━━ Record set ━━
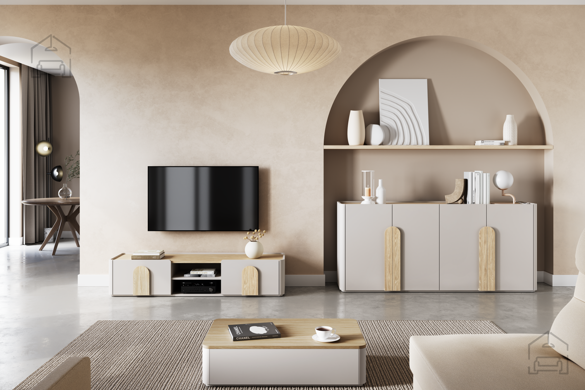 Kolekcija Amilio združuje toplino naravnega lesa z nežno eleganco odtenka kašmir. Gre za komplet pohištva, ki omogoča enotno opremo dnevne sobe in spalnice, kar ustvarja vizualno povezan, sodoben in prijeten ambient v vašem domu. Z uporabo kakovostnih materialov, kot sta melaminska plošča in MDF debeline 18 mm, ter HDF 3 mm za zadnje stranice, je zagotovljena visoka trdnost, stabilnost in dolga življenjska doba. Površine so enostavne za čiščenje, odporne na vsakodnevno uporabo, barvna kombinacija kašmirja in naoljenega hrasta pa poskrbi za naraven, topel videz.
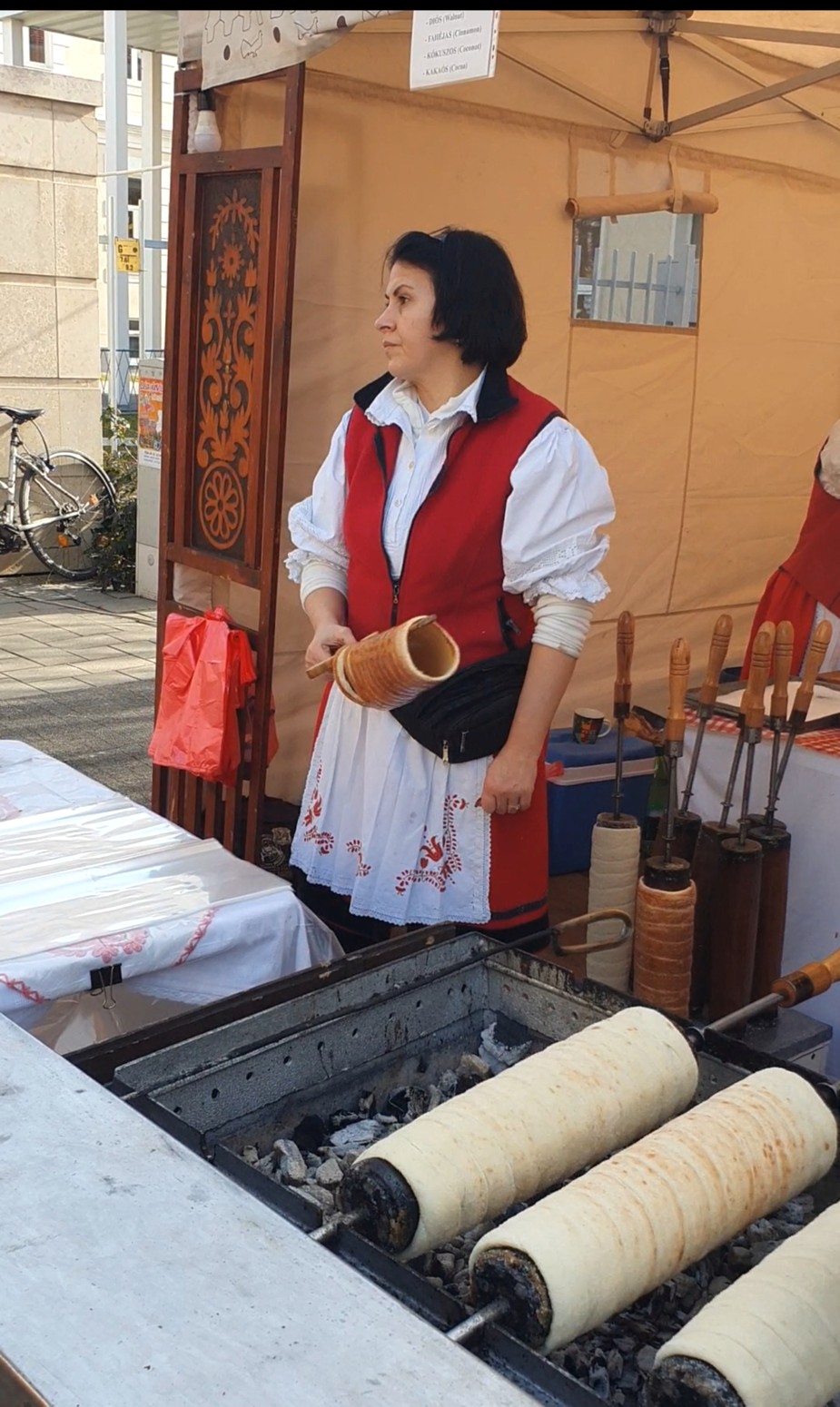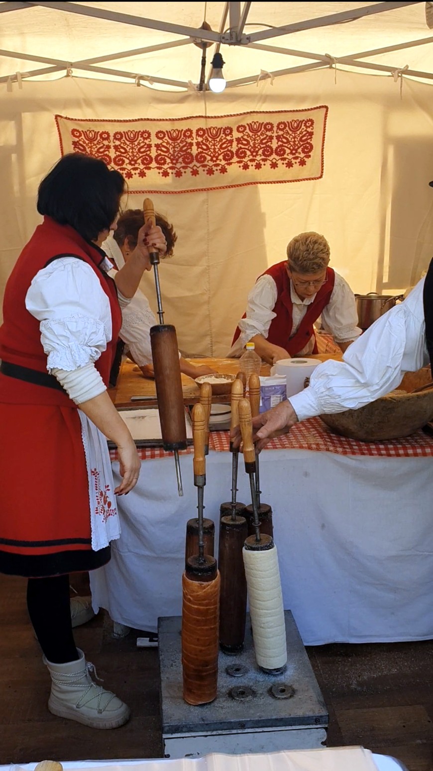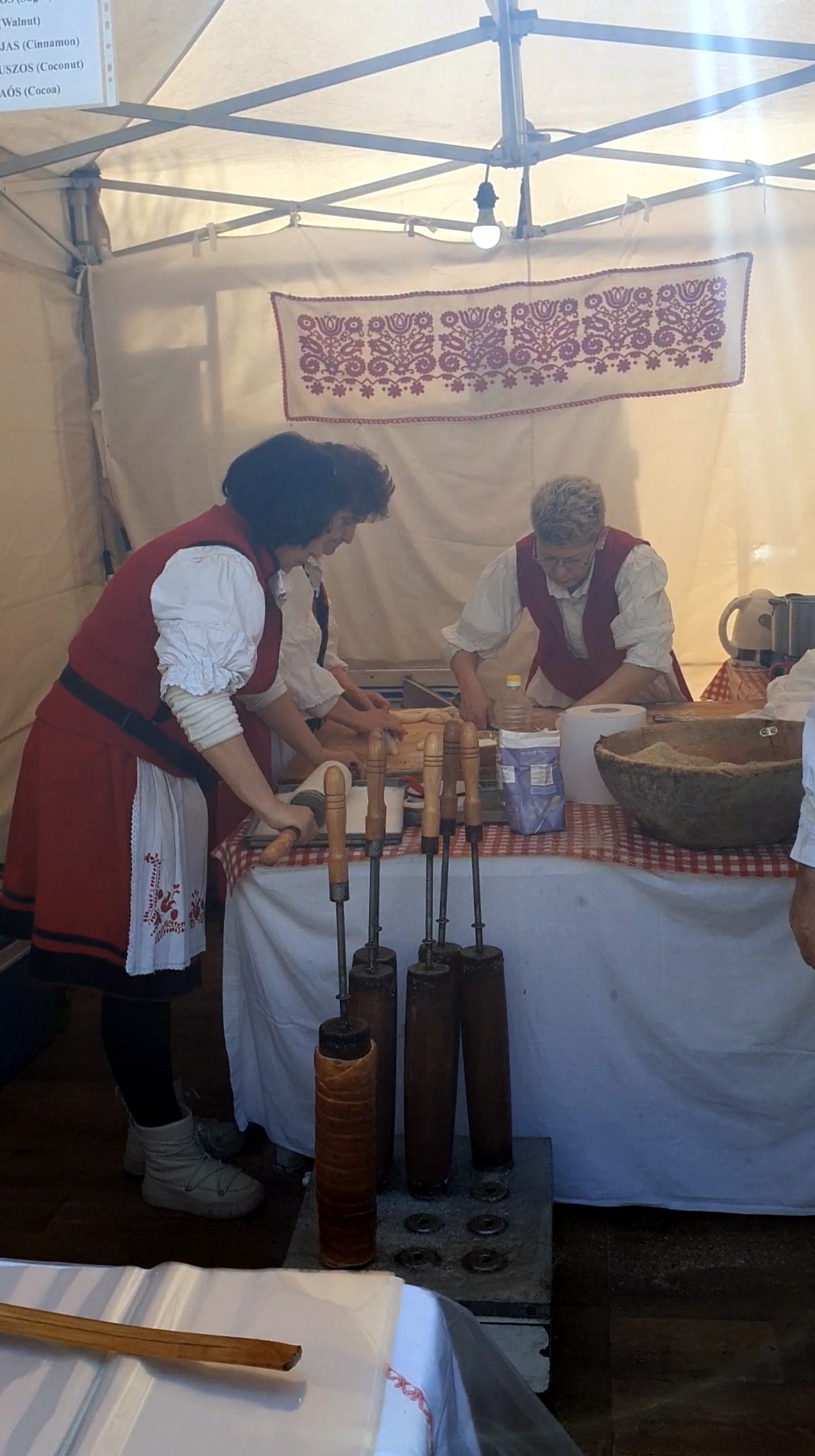 El kürtoskalács está hecho de masa dulce de levadura, la cual se hila en una tira y luego se envuelve alrededor de un asador de
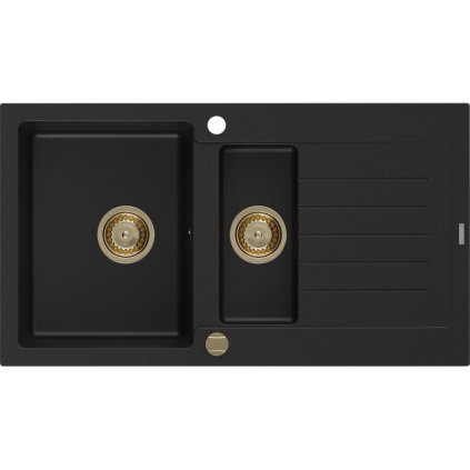 Mexen Matias - dřez granitový 900x505x200 mm, 1,5-komorový, černá se zlatým sifonem, 6502901505-77-G
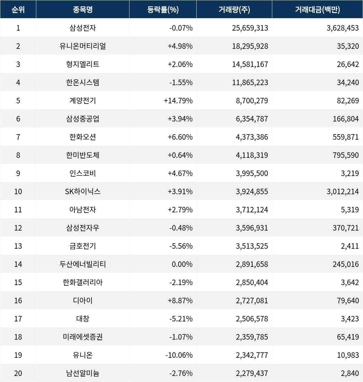 한편 거래량 상위 20위권 종목들은 아남전자(008700) ▲2.79%, 삼성전자우(005935) ▼0.48%, 금호전기(001210) ▼5.56%, 두산에너빌리티(034020) 보합, 한화갤러리아(452260) ▼2.19%, 디아이(003160) ▲8.87%, 대창(012800) ▼5.21%, 미래에셋증권(006800) ▼1.07%, 유니온(000910) ▼10.06%, 남선알미늄(008350) ▼2.76% 등의 성적을 기록했다.
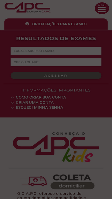 65%Consulte aqui os resultadosdos seus exames! COLETA DE SANGUE DOMICILIAR O CAPC oferece o serviço de coleta domiciliar com agilidade e melhor atendimento
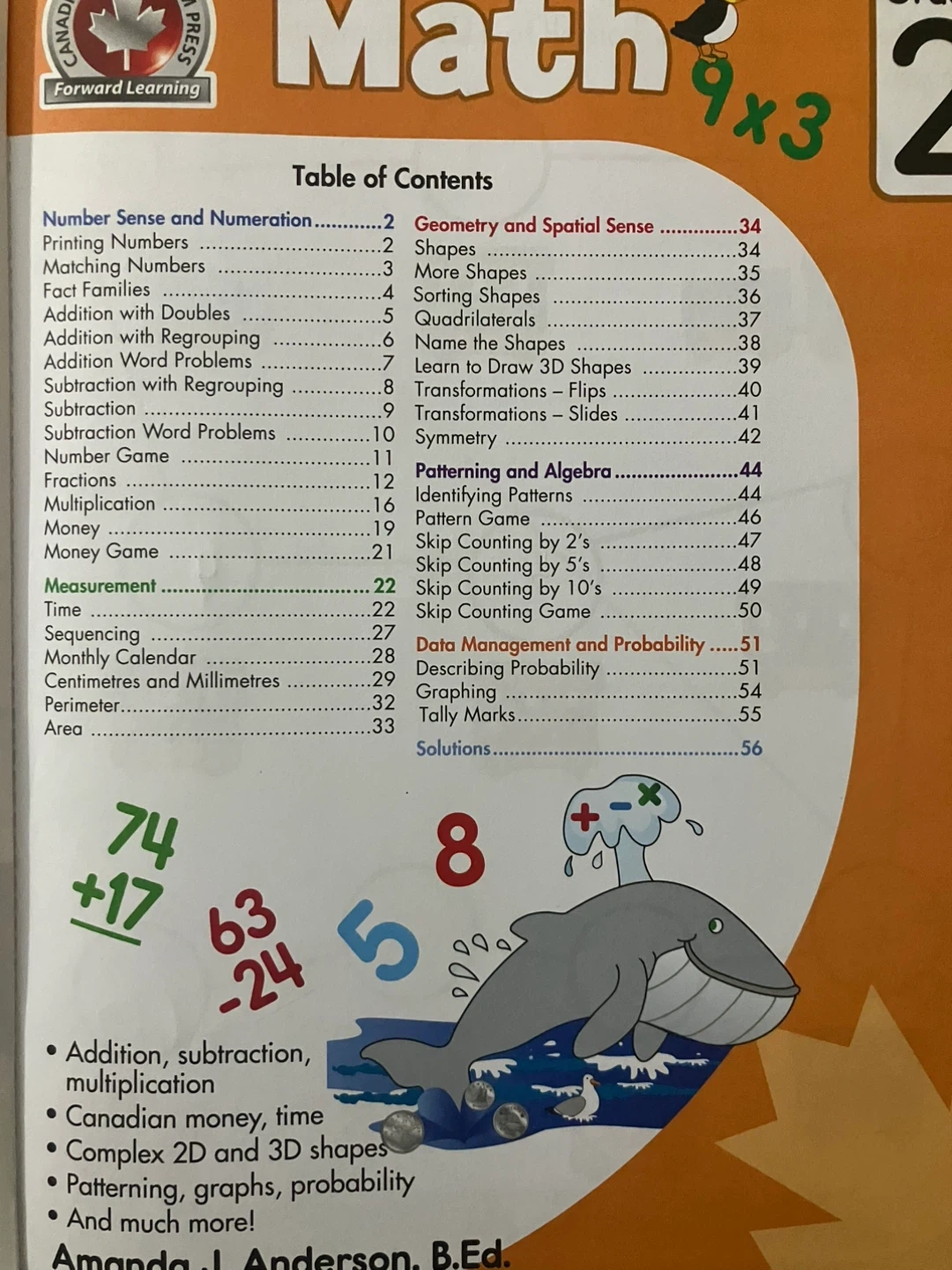 This is a set of three Grade 2 "Learning Essentials" books covering Math, Reading, and Writing. Written by teachers for the Canadian classroom. The books include a variety of exercises and games. Subjects covered are addition, subtraction, multiplication, money, time, geometry, patterning, and probability.
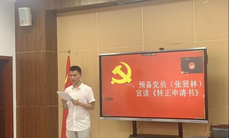 张贤林同志汇报个人在预备党员期间的工作、学习情况,正式向党支部提出转正申请。张贤林同志客观了评价自身情况,认识到要进一步加强党性修养,表示会坚持学习中国特色社会主义理论体系,继续深入学习习近平新时代中国特色社会主义思想。他将会在今后的工作与学习中,继续坚持以优秀党员标准要求自己。支部书记肖颖同志对张贤林同志在考察期的思想、学习和工作等各方面的表现给予充分的肯定,对其加入党组织表示祝贺,希望张显林同志不忘初心,为党的事业发展贡献自己的力量。
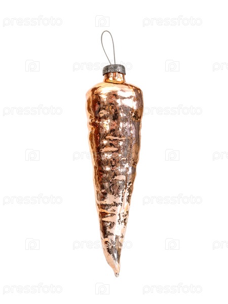 Стеклянная рождественская игрушка (как морковь), изолированная на белом фоне
━━━
Exercise. Repeat the records word for word. Leave out whatever pictures they hold.

Result.
 Kolekcija Amilio združuje toplino naravnega lesa z nežno eleganco odtenka kašmir. Gre za komplet pohištva, ki omogoča enotno opremo dnevne sobe in spalnice, kar ustvarja vizualno povezan, sodoben in prijeten ambient v vašem domu. Z uporabo kakovostnih materialov, kot sta melaminska plošča in MDF debeline 18 mm, ter HDF 3 mm za zadnje stranice, je zagotovljena visoka trdnost, stabilnost in dolga življenjska doba. Površine so enostavne za čiščenje, odporne na vsakodnevno uporabo, barvna kombinacija kašmirja in naoljenega hrasta pa poskrbi za naraven, topel videz.
 El kürtoskalács está hecho de masa dulce de levadura, la cual se hila en una tira y luego se envuelve alrededor de un asador de
 Mexen Matias - dřez granitový 900x505x200 mm, 1,5-komorový, černá se zlatým sifonem, 6502901505-77-G
 한편 거래량 상위 20위권 종목들은 아남전자(008700) ▲2.79%, 삼성전자우(005935) ▼0.48%, 금호전기(001210) ▼5.56%, 두산에너빌리티(034020) 보합, 한화갤러리아(452260) ▼2.19%, 디아이(003160) ▲8.87%, 대창(012800) ▼5.21%, 미래에셋증권(006800) ▼1.07%, 유니온(000910) ▼10.06%, 남선알미늄(008350) ▼2.76% 등의 성적을 기록했다.
 65%Consulte aqui os resultadosdos seus exames! COLETA DE SANGUE DOMICILIAR O CAPC oferece o serviço de coleta domiciliar com agilidade e melhor atendimento
 This is a set of three Grade 2 "Learning Essentials" books covering Math, Reading, and Writing. Written by teachers for the Canadian classroom. The books include a variety of exercises and games. Subjects covered are addition, subtraction, multiplication, money, time, geometry, patterning, and probability.
 张贤林同志汇报个人在预备党员期间的工作、学习情况,正式向党支部提出转正申请。张贤林同志客观了评价自身情况,认识到要进一步加强党性修养,表示会坚持学习中国特色社会主义理论体系,继续深入学习习近平新时代中国特色社会主义思想。他将会在今后的工作与学习中,继续坚持以优秀党员标准要求自己。支部书记肖颖同志对张贤林同志在考察期的思想、学习和工作等各方面的表现给予充分的肯定,对其加入党组织表示祝贺,希望张显林同志不忘初心,为党的事业发展贡献自己的力量。
 Стеклянная рождественская игрушка (как морковь), изолированная на белом фоне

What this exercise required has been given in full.